Okay, six non-important pieces of trivia:
- I can recite poetry in Middle English. Big hit at parties.
- Tha Gaelig na Alba accam.
- I was born with a sort of backup appendix.
- I have never broken a bone (long may the trend continue!)
- I have a medical excuse not to eat beets (yay!)
- Invented a dandy mechanical velociraptor call and convinced BillT it would make a nice zipper pull

Sunday, January 11, 2009

Sunday Funnies

-Whee! An update! Lackadaisy where a sweet, innocent, episodically psycho cousin is recruited to the rumrunning side of the Force ...
-Whee! Another update! Dresden Codak featuring Dungeons and Dragons with a philosophical bent.
-No Need For Bushido Don't ask silly questions like "how the hell could anyone lift a sword that big". This is the equivalent of wire-fu. Real-world physics is in the back row munching popcorn.
-My Ninja Family.
-Girl Genius Ah, I love a happy ending!
-TwoLumps and conflicting Joke Standards
-Crowfeathers The artist has been messing with her audience again. Nested dream sequences, how rude.
-xkcd More derangement.
-And of course Argghhh-onauts is dormant. Again. I swear, this guy would be late to his own funeral. Yeah, yeah, Mr. But-I'm-BUSY, tell it to the Marines!

Sunday, January 04, 2009

Sunday Funnies

-No Need For Bushido does the Naipon equivalent of "Noife? That's not a noife -- THIS is a noife!"
-My Ninja Family. Still more sketches. I wish they'd put up the archive.
-Girl Genius the Cinderella tale is taking an ... ominous turn. Always have a death ray in case of emergency, I say.
-TwoLumps is back to a slightly medicated normal.
-Crowfeathers When an angel loses an arm it doesn't even slow them down.
-xkcd More derangement.
-Lackadaisy appears to be busy still, but always worth a visit
-Dresden Codak promises *something* by Jan. 9.
-Look what the cat dragged in! Argghhh-onauts with an artistic flashback and Guest Appearances! Ignore the snarkage; he's always like that when he doesn't get his full daily ration of fulsome praise and worshipful giggles about the 24" zipper and I was a trifle busy SHOVELING SNOW.
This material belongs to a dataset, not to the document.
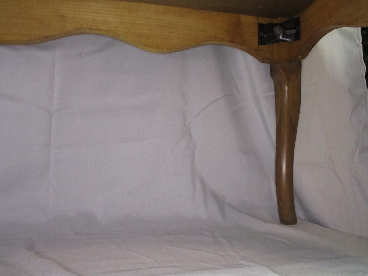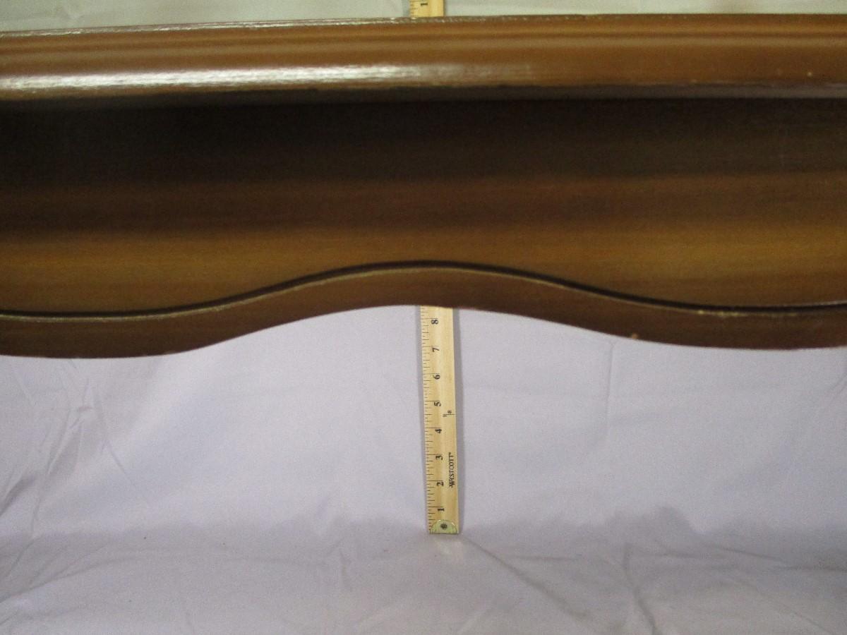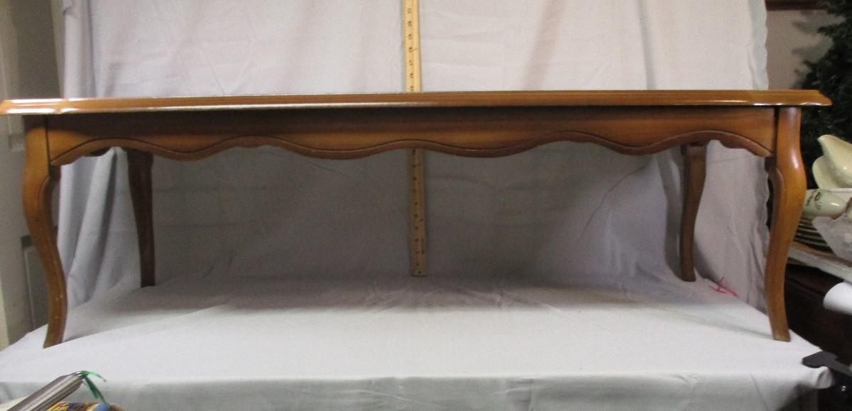 This coffee table is in nice condition. It measures approximately 42" long and about 14.5" tall.

Thursday, January 01, 2009

Now this is more like it

The first commercial spaceport. I'm still noticing a lack of jet packs and flying cars, both of which would have been very useful in Seattle during the recent glacial period. We really need to get working on the faster-than-light drives too. If we can't convince all the dogoodniks to try out the B Ark we built *just for them*, at least we would have an escape plan before they freeze the planet.